* _Task objective_
Please output the lines from the one with "No reviewsThe SunGold" through the end of the data exactly as written, omitting all pictures.

* _Extracted information_
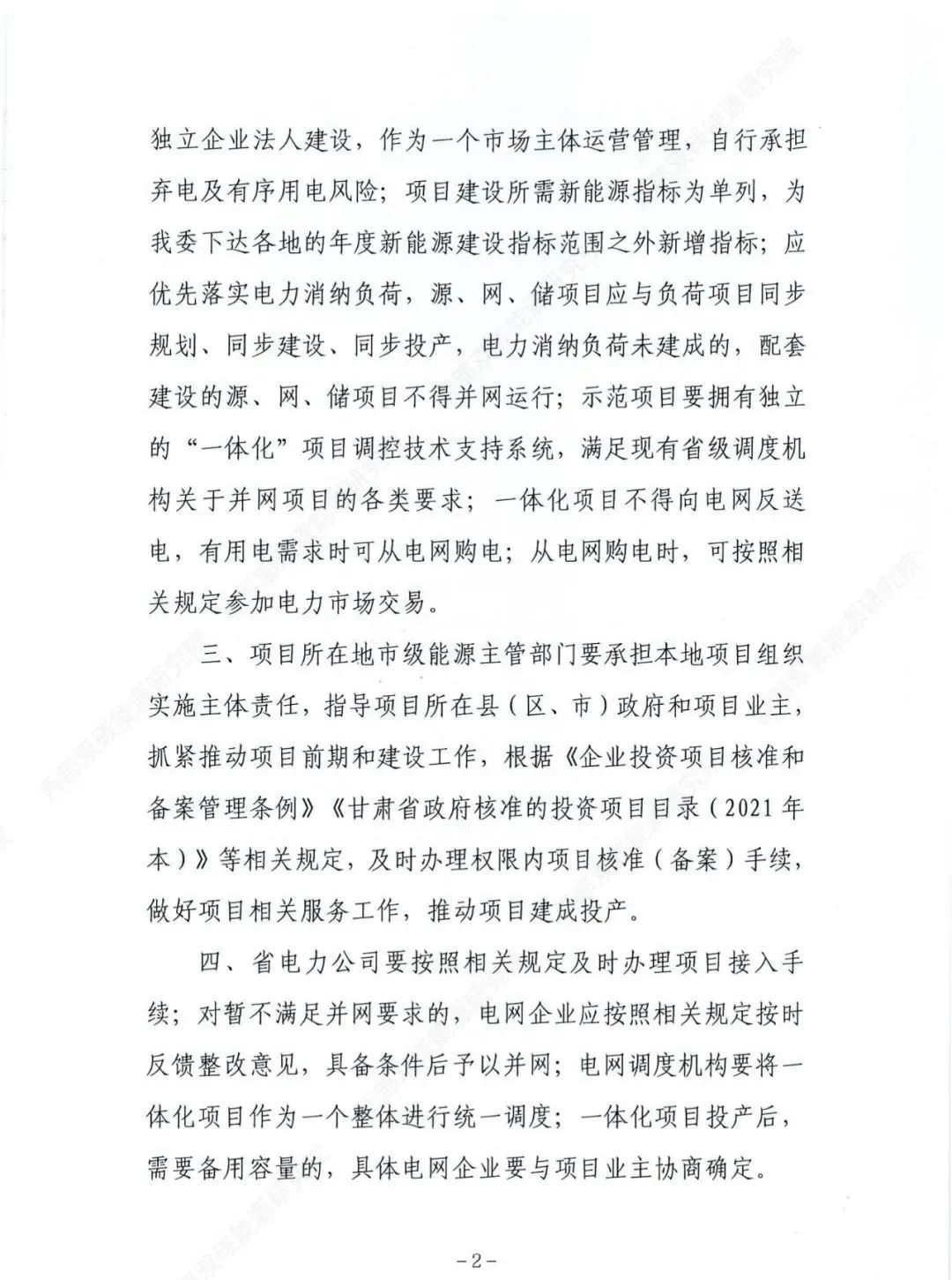 9月9日,甘肅省發(fā)改委印發(fā)《關于開展“十四五”首批電力源網荷儲一體化項目試點的通知》,酒泉經濟技術開發(fā)區(qū)20萬千瓦、甘肅慶陽“東數西算”智慧零碳大數據產業(yè)園、酒泉恒瑞新公司瓜州北大橋等3個項目建設方案,列為“十四五”首批電力源網荷儲一體化試點項目。其中風電55萬千瓦,光伏35萬千瓦,儲能18萬千瓦/36萬千瓦時。
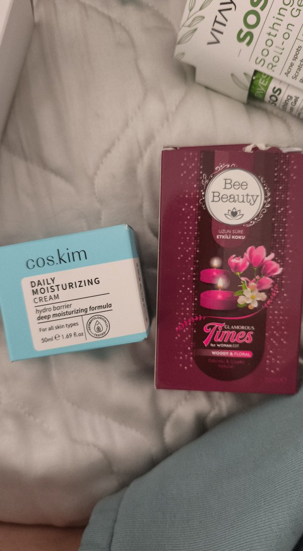 Cos.kim Günlük Nemlendirici Krem, tüm cilt tipleri için derin nemlendirme sağlar. Bee Beauty Glamorous Times, kalıcı odunsu ve floral koku sunar.
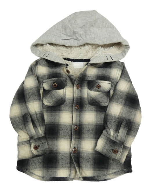 Černo-smetanová kostkovaná zateplená košilová bunda s kapucí F&F
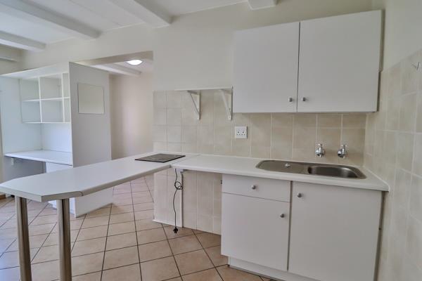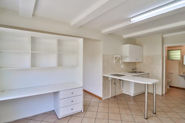 This second-floor bachelor unit is designed for student living, offering a spacious bedroom/living area, a practical kitchen, and a private bathroom.
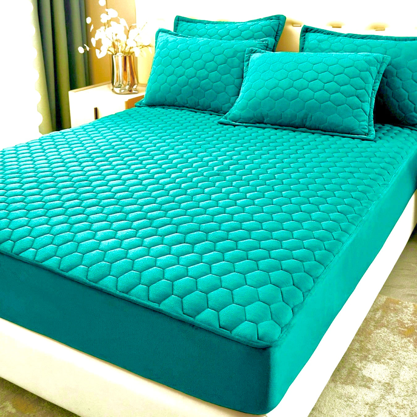 Aceste huse de saltea cu elastic și topper inclus oferă un plus de confort pentru somnul tău și o soluție eficienta daca iti doresti ca patul tau sa fie mai moale cand te asezi pe el. Fabricate din catifea foarte moale și confortabila, aceste huse de saltea oferă protecție suplimentară și susțin nestingherit și uniform spatele. În plus, acestea includ și două fețe de pernă pentru un somn odihnitor și relaxant. Înlocuind husele obișnuite de saltea cu aceste huse cu Topper inclus, îți vei îmbunătăți semnificativ calitatea somnului.
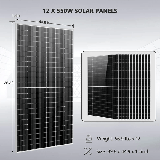 No reviewsThe SunGold Power SGR-10K25S Off-Grid Solar Kit provides a complete energy solution with a 10kW 48V split-phase inverter, 12 × 550W monocrystalline solar panels (6.6kW total), and a 25.6kWh LiFePO4 battery bank (5 × 5.12kWh modules) installed...Regular price $10,878.00Regular price $10,878.00
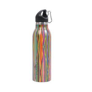 Botellón metálico en acero inoxidable, de doble pared; conserva la temperatura de las bebidas frío o calor hasta por doce horas, dependiendo de la condición climática en la que se encuentre. El diseño de la tapa plástica permite llevarlo con facilidad, además tiene un mosquetón para anclarlo a la maleta o bolso.
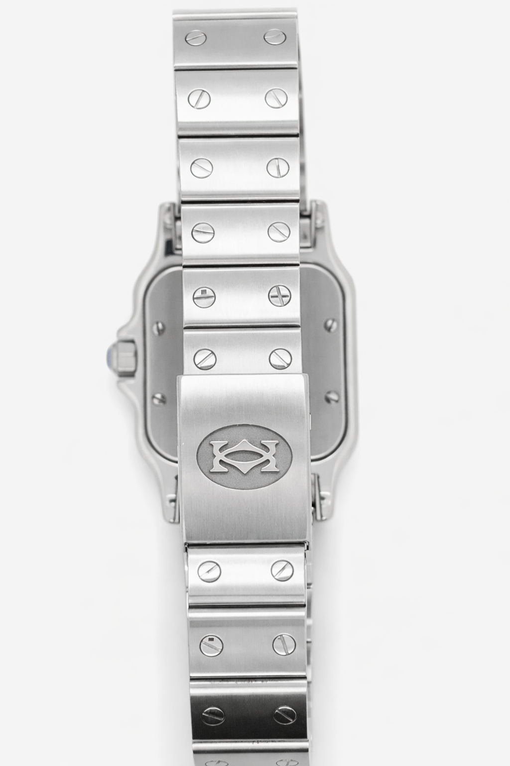 This watch is crafted from stainless steel and showcases the signature square case with rounded edges, a hallmark of the Santos collection. The dial features Cartier’s iconic Roman numerals, elegant blued steel hands, ensuring a timeless and versatile look suitable for any occasion.
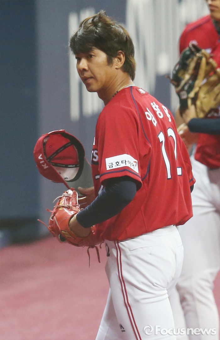 (서울=포커스뉴스) 1일 서울 고척 스카이돔에서 열린 2016 프로야구 KIA-넥센 경기 4회말 2사 1루에서 KIA 임창용이 도박 파문으로 인한 리그 50% 출장정지를 끝내고 등판해 넥센 김민성을 7구 만에 삼진 아웃시키고 덕아웃으로 들어가고 있다.
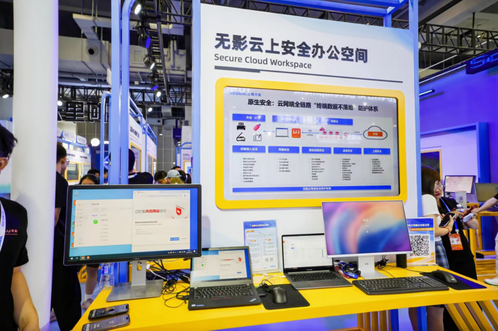在云栖大会的现场,无影云电脑的展示区吸引了众多参观者的目光。

* _Output for this exercise_
 No reviewsThe SunGold Power SGR-10K25S Off-Grid Solar Kit provides a complete energy solution with a 10kW 48V split-phase inverter, 12 × 550W monocrystalline solar panels (6.6kW total), and a 25.6kWh LiFePO4 battery bank (5 × 5.12kWh modules) installed...Regular price $10,878.00Regular price $10,878.00
 Botellón metálico en acero inoxidable, de doble pared; conserva la temperatura de las bebidas frío o calor hasta por doce horas, dependiendo de la condición climática en la que se encuentre. El diseño de la tapa plástica permite llevarlo con facilidad, además tiene un mosquetón para anclarlo a la maleta o bolso.
 This watch is crafted from stainless steel and showcases the signature square case with rounded edges, a hallmark of the Santos collection. The dial features Cartier’s iconic Roman numerals, elegant blued steel hands, ensuring a timeless and versatile look suitable for any occasion.
 (서울=포커스뉴스) 1일 서울 고척 스카이돔에서 열린 2016 프로야구 KIA-넥센 경기 4회말 2사 1루에서 KIA 임창용이 도박 파문으로 인한 리그 50% 출장정지를 끝내고 등판해 넥센 김민성을 7구 만에 삼진 아웃시키고 덕아웃으로 들어가고 있다.
在云栖大会的现场,无影云电脑的展示区吸引了众多参观者的目光。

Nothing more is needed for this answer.